I am here at United Nations headquarters as part of an international delegation of civil society and social movements invited by President Evo Morales Ayma of the Plurinational State of Bolivia to lift up the importance of the Peoples’ Agreement and the Universal Declaration of the Rights of Mother Earth, that are outcomes of the People’s Global Summit on Climate Change and the Rights of Mother Earth.
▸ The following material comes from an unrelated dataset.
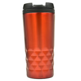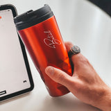 Tasse thermos en acier inoxydable à double paroi, étanche, avec couvercle à vis et ouverture à clic - peut être encliquetée une fois ouverte -.

Indigenous peoples from throughout the Americas and throughout the world participated in the Global Summit. Indigenous peoples stood together with the social movement of the world acknowledging that Mother Earth is the source of all life. World leaders and parties to the UN climate negotiations must reevaluate what their relationship is the sacredness of Mother Earth. The draft Universal Declaration of the Rights of Mother Earth developed in Cochabamba is an international framework to ensure mechanisms for the recognition of human rights, the rights of those that cannot speak for themselves and of our Mother Earth.
As representatives of social movements and civil society of the world – we are asking for meaningful and effective participation of civil society and social movements in Cancun and all UN climate change negotiations. The Copenhagen UN climate meeting did not allow this to happen. We are a movement of millions of people throughout the world demanding transparency, inclusion and to have a voice in UN climate negotiations that will create climate policy that directly affects the future of our communities and the world.
One of the key points of the Cochabamba Peoples’ Agreement was the rejection of carbon market mechanisms within climate agreements and negotiations such as the controversial REDD initiative (Reducing Emissions from Deforestation and Degradation) and REDD+ that want to use forests as a commodity to be traded in a carbon offset regime, as well as Clean Development Mechanism projects.
Indigenous people the world over are suffering from human rights abuses from carbon trading and carbon offsets. Indigenous peoples’ cosmovision and our worldview are concerned of a world that privatizes the air, water and commodifies the sacredness of Mother Earth. We must de-colonize the atmosphere.
The Copenhagen Accord was a high-stakes deal-maker and was really a Copenhagen Steal that did not recognize, nor had any language ensuring the rights of Indigenous Peoples. This will lead to further human rights violations, climate destruction, lost of land and disruption of the livelihood and well-being of indigenous communities from the arctic to the global south.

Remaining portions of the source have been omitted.